I'll walk you through everything tomorrow.

Ben
By: Ben Hubbard (hubbaba) 2008-11-10 09:18:48.000-0600

Also, it was in the destroy_session function where it was crashing this time. It was hard to tell from the stack trace with optimization on what exactly was happening. I hope to know more once this test completes.

Ben
By: Brandon Kruse (bkruse) 2008-11-10 10:01:05.000-0600

No problem Ben.

Even if we can get the function, I can look over the 1.4 version of it. Having a codebase that works often helps a lot. I would call this memory corruption, but 1.4 works!

Thanks for the info, look forward to talking to you tomorrow. You may want to email me at my mantis username @digium.com to setup some times. (Since I may be out of the office)

-Brandon
By: Ben Hubbard (hubbaba) 2008-11-10 16:54:14.000-0600

Here is the latest stack trace without optimization. This is running the patched version of Asterisk:

(gdb) bt full
#0 0x000000000050345f in ast_atomic_fetchadd_int (p=0x0, v=-1)
at /usr/src/asterisk-1.6.0.1/include/asterisk/lock.h:1185
No locals.
#1 0x000000000049e068 in unref_event (e=0x0) at manager.c:773
No locals.
#2 0x000000000049e0e5 in free_session (s=0x2318c1b0) at manager.c:792
eqe = (struct eventqent *) 0x0
#3 0x000000000049e1f8 in destroy_session (s=0x2318c1b0) at manager.c:800
No locals.
#4 0x00000000004a5b40 in session_do (data=0x7f03b40e4228) at manager.c:2946
ser = (struct ast_tcptls_session_instance *) 0x7f03b40e4228
s = (struct mansession *) 0x2318c1b0
flags = 2050
res = -1
__PRETTY_FUNCTION__ = "session_do"
ASTERISK-1 0x00000000004f9b5c in ast_make_file_from_fd (data=0x7f03b40e4228)
at tcptls.c:469
ser = (struct ast_tcptls_session_instance *) 0x7f03b40e4228
__PRETTY_FUNCTION__ = "ast_make_file_from_fd"
ASTERISK-2 0x0000000000504ca5 in dummy_start (data=0x7f03b40ab400) at utils.c:917
__cancel_buf = {__cancel_jmp_buf = {{__cancel_jmp_buf = {0,
9016794212168105489, 0, 1082468688, 4096, 1105133360,
9016794212193271313, 9016935682656697873}, __mask_was_saved = 0}},
---Type <return> to continue, or q <return> to quit---
__pad = {0x408521e0, 0x0, 0x7f03bb439878, 0x7f03bb439890}}
__cancel_routine = (void (*)(void *)) 0x430f96 <ast_unregister_thread>
__cancel_arg = (void *) 0x40852950
not_first_call = 0
ret = (void *) 0x40852950
a = {start_routine = 0x4f9a98 <ast_make_file_from_fd>,
data = 0x7f03b40e4228,
name = 0x7f03b41d9590 "ast_make_file_from_fd started at [ 161] tcptls.c ast_tcptls_server_root()"}
ASTERISK-3 0x00007f03bacc73f7 in start_thread () from /lib/libpthread.so.0
No symbol table info available.
ASTERISK-4 0x00007f03bb1b8b3d in clone () from /lib/libc.so.6
No symbol table info available.
ASTERISK-5 0x0000000000000000 in ?? ()
No symbol table info available.
By: Ben Hubbard (hubbaba) 2008-11-13 11:47:19.000-0600

Any luck on figuring out what is happening?
By: Brandon Kruse (bkruse) 2008-11-13 13:41:40.000-0600

Didn't see that you posted it without optimization!

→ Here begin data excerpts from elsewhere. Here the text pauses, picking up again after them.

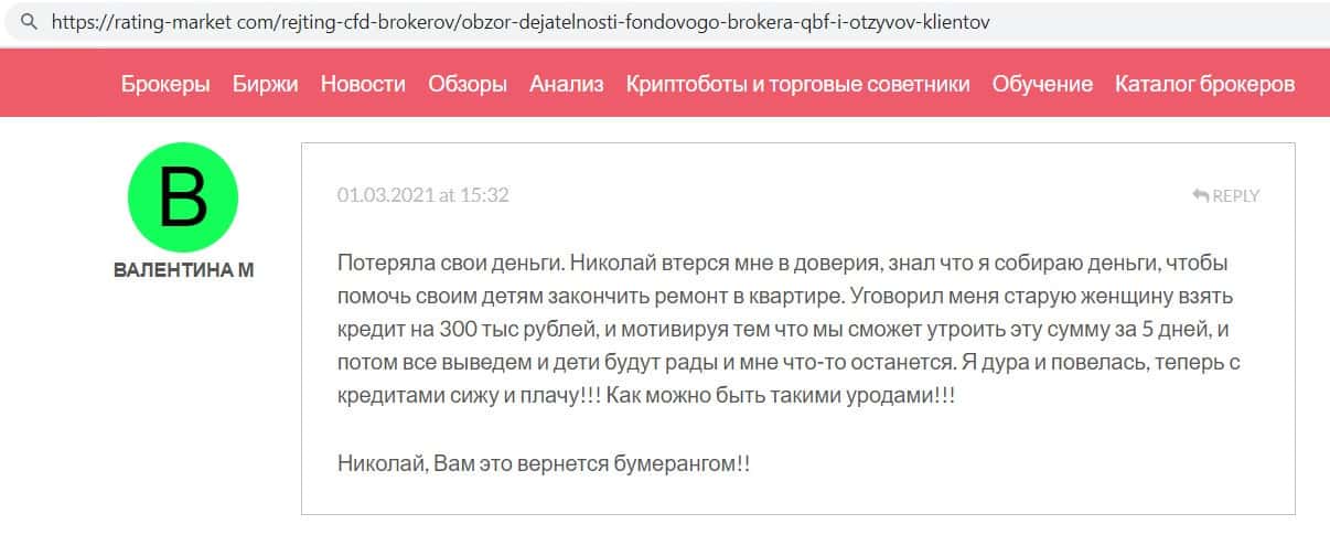 Пользователь в своём отзыве призвал всех не доверять конторе QB Fin, так как они принимают от клиентов очень много денежных средств, но никогда не выводят их.
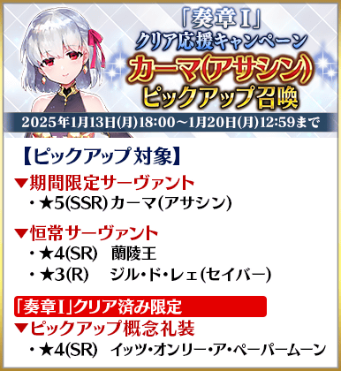 ◆『「奏章Ⅰ」クリア応援キャンペーンピックアップ召喚』期間◆
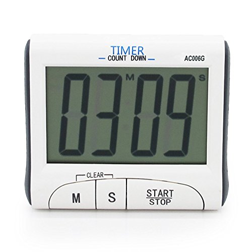 -. Feature : FEATURES: Big LCD Display, Time (12/24 hrs), Count Up/Count Down / 1-1/4 inch Jumbo display; No Squinting Or Glasses Needed! Read It From Across The Room Easily / Loud alarm no More Overcooked Food! Loud Enough To Be Heard Easily In Adjacent Rooms / Contains stand, and magnet giving you 2 ways to hold the timer in place.; Uses 1 AAA Battery, Which Are Cheap & Easy To Find. Usually Lasts A Year Or More! / Counts down from up to 99 Minutes, 59 seconds.
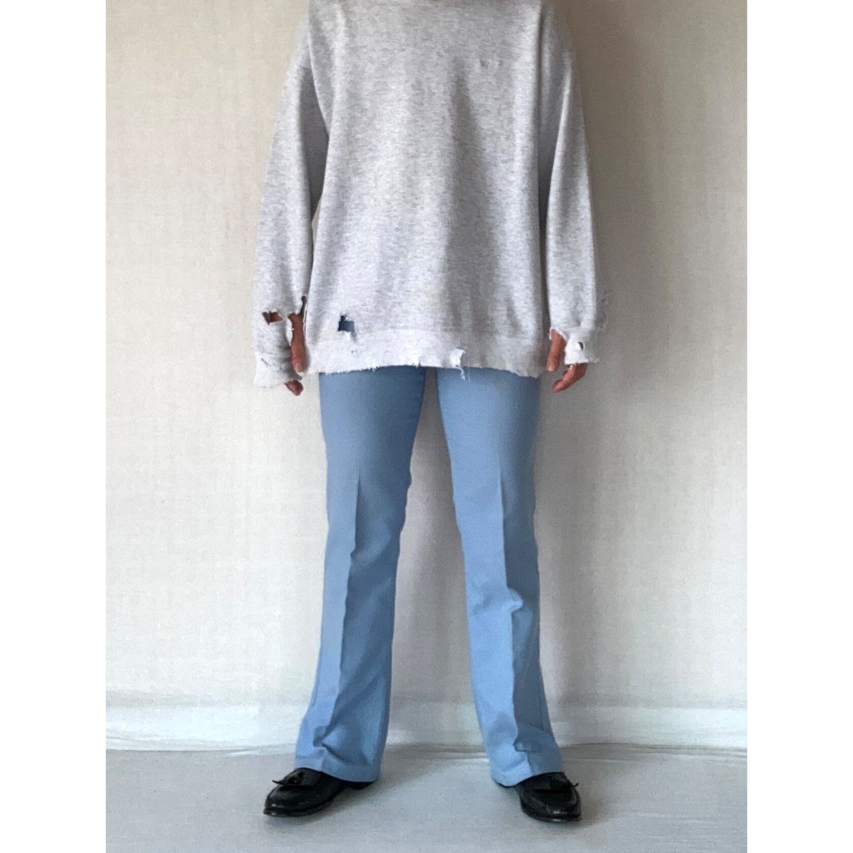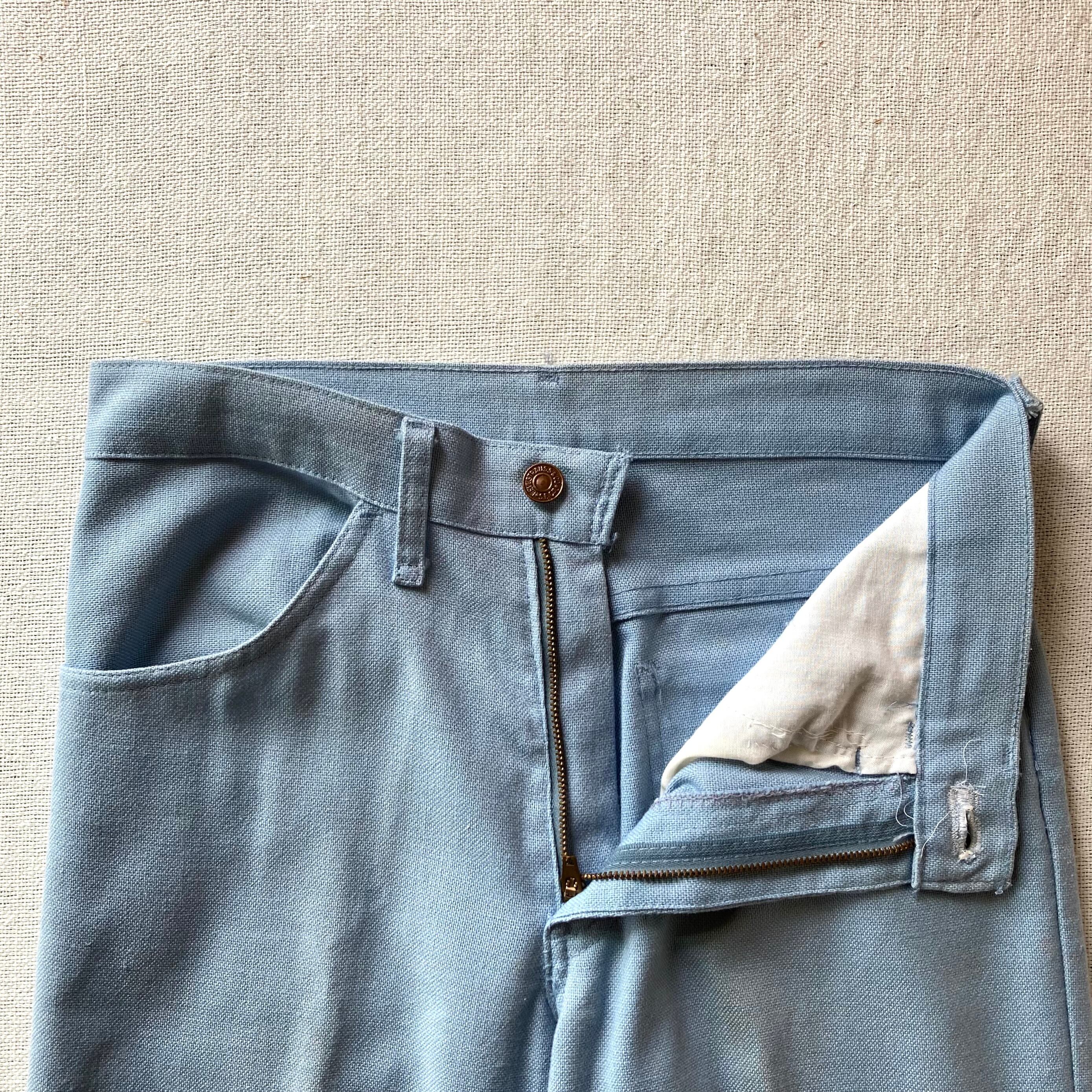 爽やかなライトブルーの色味に、W29のタイトめなブーツカットシルエットが特徴的な一本です。生地感も薄手で動きやすいかと思います。

Have you tried with trunk? 1.6.0x and 1.6.1 even, are very different (as far as manager is concerned). 1.6.1 would be a little safer than trunk, and should still have a multitude of changes.

We could make those functions null-safe, but it would just be covering up the problem.

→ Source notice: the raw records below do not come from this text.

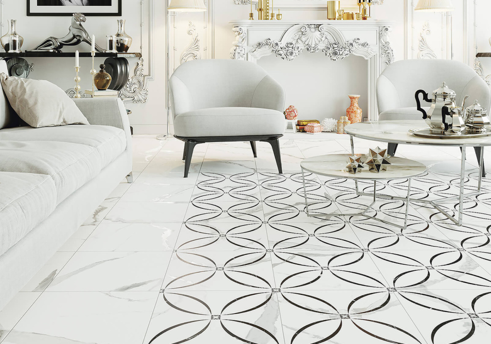 Благородный и мягкий мрамор калакатта коллекции Prima с мерцающим на свету рисунком всегда актуален и популярен в любых дизайнерских решениях, а утонченный орнамент в виде элегантных переплетенных линий подчеркнет достаток и роскошь интерьера.
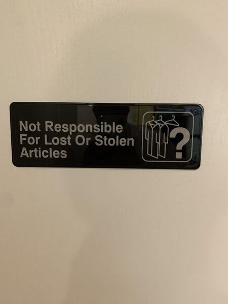 This is a nice sign for clubs or bars to have! It covers liability of lost or stolen items! Easy to read and perfect to post in self serve coat rooms!!
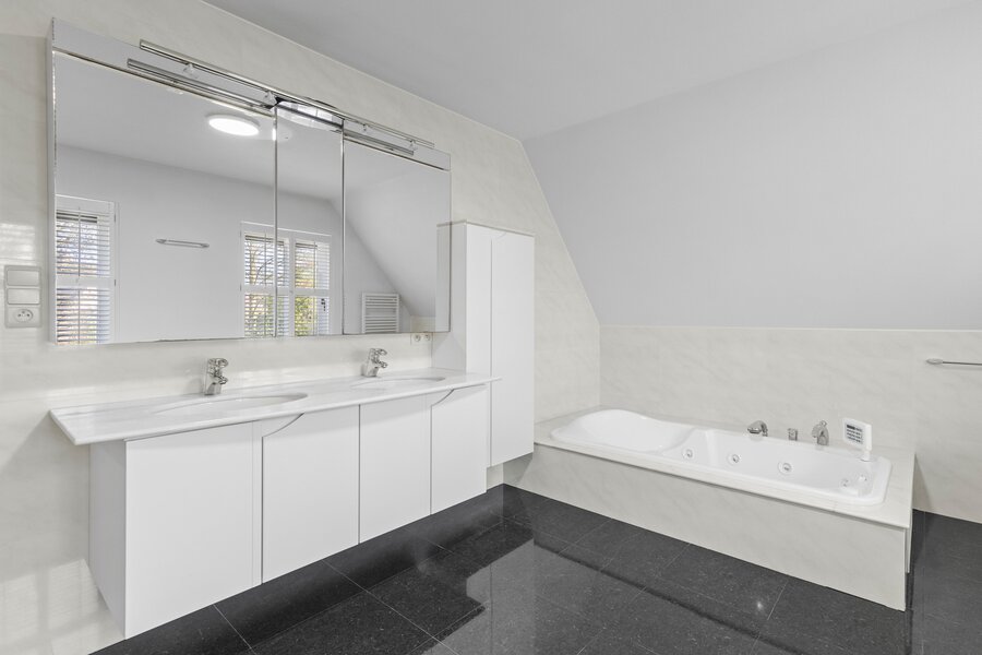 Verder beschikt de villa over een dubbele garage, ruime oprit, grote parking, buitenberging, wijnkelder en een opbergkelder.
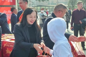 儀式結束后,大家整齊有序排隊出發,貴州省郵政公司向在場外出務工人群發放魔芋刺梨凍、刺梨醬、藍莓干等特色農產品愛心禮包,向其傳達殷切的希望和祝福:返崗一路平安,開工順順利利,技能不斷提升,不憂“薪”不憂“酬”!期間,省公司副總經理張霞向排隊的務工人員送去新春祝福,并親切詢問務工地點,叮囑外出務工要提高安全意識,保證自身安全,注意金融財產安全,確保健康安全返崗。

What is the ulimit on your server? And the ulimit -n?

-bk
By: Ben Hubbard (hubbaba) 2008-11-14 08:40:17.000-0600

I'll try 1.6.1 and let you know what I find out. I agree that covering for null is not the right solution.

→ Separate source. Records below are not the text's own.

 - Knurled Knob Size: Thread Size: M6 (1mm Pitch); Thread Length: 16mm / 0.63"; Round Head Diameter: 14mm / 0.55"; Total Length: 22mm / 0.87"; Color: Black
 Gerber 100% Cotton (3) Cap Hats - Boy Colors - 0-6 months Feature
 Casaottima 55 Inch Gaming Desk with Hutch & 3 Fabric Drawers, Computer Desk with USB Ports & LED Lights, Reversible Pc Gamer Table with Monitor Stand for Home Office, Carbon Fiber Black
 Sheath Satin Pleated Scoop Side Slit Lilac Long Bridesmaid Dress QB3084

Also, ulimit is ulimited and ulimit -n is 1024.
By: Brandon Kruse (bkruse) 2008-11-14 16:27:24.000-0600

How much memory is in the box?

If around 4 gigs or more, try:

ulimit -n 999999

That will allow us to see if it's because there are not fd's available or not.

The box will most likely crash, but hopefully in a more useful way.

-bk
By: Ben Hubbard (hubbaba) 2008-11-15 10:58:12.000-0600

I have 4GB ram in my laptop where I am testing now. I'll give it a shot and let you know what I find out.
By: Tilghman Lesher (tilghman) 2009-01-16 14:13:41.000-0600

hubbaba: any further updates?
By: Tilghman Lesher (tilghman) 2009-01-29 15:23:37.000-0600

There has been no response or update from the reporter in 2 months. If this is still occurring, please feel free to reopen this issue. Closing.